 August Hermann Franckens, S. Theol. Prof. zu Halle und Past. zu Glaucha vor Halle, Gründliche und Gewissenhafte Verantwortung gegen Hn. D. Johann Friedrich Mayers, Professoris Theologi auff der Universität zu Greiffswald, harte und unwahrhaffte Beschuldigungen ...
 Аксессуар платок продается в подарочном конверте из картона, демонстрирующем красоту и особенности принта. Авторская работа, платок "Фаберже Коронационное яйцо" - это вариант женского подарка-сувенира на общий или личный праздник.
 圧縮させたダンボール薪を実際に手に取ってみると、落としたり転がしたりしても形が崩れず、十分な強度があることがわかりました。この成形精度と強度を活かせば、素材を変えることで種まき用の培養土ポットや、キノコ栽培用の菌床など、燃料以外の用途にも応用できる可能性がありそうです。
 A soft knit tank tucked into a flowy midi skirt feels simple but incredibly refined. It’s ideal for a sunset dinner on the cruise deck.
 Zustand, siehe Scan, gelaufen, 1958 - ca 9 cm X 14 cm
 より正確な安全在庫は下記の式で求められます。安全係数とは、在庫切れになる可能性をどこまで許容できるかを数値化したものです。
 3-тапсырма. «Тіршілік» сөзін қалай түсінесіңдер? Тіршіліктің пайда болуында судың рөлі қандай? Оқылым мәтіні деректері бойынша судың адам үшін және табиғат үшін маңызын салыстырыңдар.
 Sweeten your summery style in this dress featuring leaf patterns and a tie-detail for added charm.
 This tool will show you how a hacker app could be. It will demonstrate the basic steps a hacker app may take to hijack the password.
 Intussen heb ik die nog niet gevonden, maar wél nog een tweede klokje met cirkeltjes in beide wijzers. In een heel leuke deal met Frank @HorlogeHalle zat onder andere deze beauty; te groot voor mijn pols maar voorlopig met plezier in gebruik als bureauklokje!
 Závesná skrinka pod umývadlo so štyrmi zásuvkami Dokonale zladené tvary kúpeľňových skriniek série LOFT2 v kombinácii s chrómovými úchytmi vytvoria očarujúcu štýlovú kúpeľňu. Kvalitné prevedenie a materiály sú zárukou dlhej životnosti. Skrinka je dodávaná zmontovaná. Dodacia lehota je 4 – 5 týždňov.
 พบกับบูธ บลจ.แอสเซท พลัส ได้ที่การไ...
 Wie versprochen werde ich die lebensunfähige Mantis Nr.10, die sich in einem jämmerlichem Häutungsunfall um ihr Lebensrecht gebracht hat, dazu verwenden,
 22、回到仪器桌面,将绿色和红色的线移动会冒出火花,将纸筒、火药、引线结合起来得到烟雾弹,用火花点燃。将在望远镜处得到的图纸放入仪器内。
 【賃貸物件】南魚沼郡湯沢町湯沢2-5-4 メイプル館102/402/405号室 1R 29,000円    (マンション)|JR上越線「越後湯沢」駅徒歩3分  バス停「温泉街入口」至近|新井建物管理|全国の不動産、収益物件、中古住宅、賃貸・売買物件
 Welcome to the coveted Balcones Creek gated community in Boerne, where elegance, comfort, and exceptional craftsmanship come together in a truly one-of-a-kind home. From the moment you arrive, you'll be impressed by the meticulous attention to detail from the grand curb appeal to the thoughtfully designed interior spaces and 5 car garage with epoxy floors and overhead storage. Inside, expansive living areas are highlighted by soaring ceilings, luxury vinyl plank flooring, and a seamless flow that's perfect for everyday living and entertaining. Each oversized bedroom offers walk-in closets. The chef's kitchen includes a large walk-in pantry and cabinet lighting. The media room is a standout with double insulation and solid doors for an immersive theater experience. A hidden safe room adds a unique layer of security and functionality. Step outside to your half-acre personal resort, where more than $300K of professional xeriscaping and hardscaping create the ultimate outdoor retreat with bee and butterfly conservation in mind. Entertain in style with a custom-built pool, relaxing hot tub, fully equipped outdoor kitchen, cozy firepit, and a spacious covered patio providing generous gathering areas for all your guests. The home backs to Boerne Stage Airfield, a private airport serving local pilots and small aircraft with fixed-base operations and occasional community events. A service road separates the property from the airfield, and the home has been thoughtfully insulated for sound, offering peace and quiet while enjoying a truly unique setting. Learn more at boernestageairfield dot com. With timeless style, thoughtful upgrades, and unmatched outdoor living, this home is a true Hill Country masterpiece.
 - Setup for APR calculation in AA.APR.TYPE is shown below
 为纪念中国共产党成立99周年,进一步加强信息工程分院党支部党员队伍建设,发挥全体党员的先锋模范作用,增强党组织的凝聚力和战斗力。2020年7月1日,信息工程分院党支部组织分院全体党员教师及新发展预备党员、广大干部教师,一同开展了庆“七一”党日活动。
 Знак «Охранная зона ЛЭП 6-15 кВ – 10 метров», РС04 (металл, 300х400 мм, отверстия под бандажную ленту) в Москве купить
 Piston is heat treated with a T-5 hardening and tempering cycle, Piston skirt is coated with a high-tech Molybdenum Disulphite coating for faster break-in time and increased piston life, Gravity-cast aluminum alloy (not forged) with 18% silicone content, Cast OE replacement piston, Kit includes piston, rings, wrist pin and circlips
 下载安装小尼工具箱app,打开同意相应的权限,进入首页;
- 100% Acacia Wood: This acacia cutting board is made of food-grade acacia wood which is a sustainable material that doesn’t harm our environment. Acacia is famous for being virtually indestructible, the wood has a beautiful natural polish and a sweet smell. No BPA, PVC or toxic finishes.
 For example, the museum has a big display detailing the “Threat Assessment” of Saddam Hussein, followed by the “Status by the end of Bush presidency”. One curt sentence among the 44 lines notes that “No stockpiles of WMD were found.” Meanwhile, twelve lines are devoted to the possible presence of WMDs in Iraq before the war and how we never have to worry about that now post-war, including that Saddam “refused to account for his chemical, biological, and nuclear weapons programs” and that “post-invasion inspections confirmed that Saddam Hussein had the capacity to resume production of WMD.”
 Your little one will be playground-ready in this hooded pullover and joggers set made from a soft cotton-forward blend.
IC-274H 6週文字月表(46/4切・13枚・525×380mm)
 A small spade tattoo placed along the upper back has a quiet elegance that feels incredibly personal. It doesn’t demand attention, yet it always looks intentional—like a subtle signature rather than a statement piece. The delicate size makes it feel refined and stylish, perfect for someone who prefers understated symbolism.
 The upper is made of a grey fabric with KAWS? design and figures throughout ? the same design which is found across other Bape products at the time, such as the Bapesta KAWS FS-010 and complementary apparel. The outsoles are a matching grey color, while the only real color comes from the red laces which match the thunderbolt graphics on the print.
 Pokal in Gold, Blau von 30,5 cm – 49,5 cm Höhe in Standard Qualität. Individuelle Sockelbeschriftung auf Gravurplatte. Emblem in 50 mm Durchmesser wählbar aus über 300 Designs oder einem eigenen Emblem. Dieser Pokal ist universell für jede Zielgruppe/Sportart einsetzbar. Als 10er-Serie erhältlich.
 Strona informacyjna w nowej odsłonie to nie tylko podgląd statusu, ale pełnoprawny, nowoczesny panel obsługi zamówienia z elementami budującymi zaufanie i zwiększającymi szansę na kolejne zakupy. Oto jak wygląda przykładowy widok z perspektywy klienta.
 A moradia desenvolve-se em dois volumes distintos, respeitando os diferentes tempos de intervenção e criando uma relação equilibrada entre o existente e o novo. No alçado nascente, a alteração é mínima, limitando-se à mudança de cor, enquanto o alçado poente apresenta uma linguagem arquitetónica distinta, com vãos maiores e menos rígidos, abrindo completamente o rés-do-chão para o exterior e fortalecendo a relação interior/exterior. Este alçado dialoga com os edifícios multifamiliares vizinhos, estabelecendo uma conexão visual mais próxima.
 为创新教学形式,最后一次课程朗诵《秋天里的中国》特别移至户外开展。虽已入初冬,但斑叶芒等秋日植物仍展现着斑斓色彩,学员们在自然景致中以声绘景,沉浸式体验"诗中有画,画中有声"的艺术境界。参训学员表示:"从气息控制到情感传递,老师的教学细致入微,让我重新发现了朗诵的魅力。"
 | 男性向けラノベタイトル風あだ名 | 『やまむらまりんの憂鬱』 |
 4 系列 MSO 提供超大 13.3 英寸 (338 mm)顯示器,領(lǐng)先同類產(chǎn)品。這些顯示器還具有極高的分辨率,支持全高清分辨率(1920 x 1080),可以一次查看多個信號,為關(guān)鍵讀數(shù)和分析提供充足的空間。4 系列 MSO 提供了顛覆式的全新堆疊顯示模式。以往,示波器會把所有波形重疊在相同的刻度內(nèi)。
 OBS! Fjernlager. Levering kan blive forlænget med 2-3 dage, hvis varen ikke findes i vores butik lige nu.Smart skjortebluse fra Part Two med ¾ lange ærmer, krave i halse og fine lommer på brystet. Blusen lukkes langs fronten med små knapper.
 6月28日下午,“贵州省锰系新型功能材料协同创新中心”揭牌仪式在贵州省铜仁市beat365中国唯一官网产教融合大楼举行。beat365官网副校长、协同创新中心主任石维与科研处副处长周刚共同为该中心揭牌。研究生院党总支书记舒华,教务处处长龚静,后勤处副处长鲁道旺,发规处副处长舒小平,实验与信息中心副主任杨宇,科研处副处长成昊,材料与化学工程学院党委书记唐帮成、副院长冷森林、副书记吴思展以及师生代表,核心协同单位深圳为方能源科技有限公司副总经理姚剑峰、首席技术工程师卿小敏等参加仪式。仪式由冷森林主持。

####################

INSTRUCTIONS TO FOLLOW:
The expected answer is a copy of each line above containing "will".

TASK SOLUTION:
 This tool will show you how a hacker app could be. It will demonstrate the basic steps a hacker app may take to hijack the password.
 Your little one will be playground-ready in this hooded pullover and joggers set made from a soft cotton-forward blend.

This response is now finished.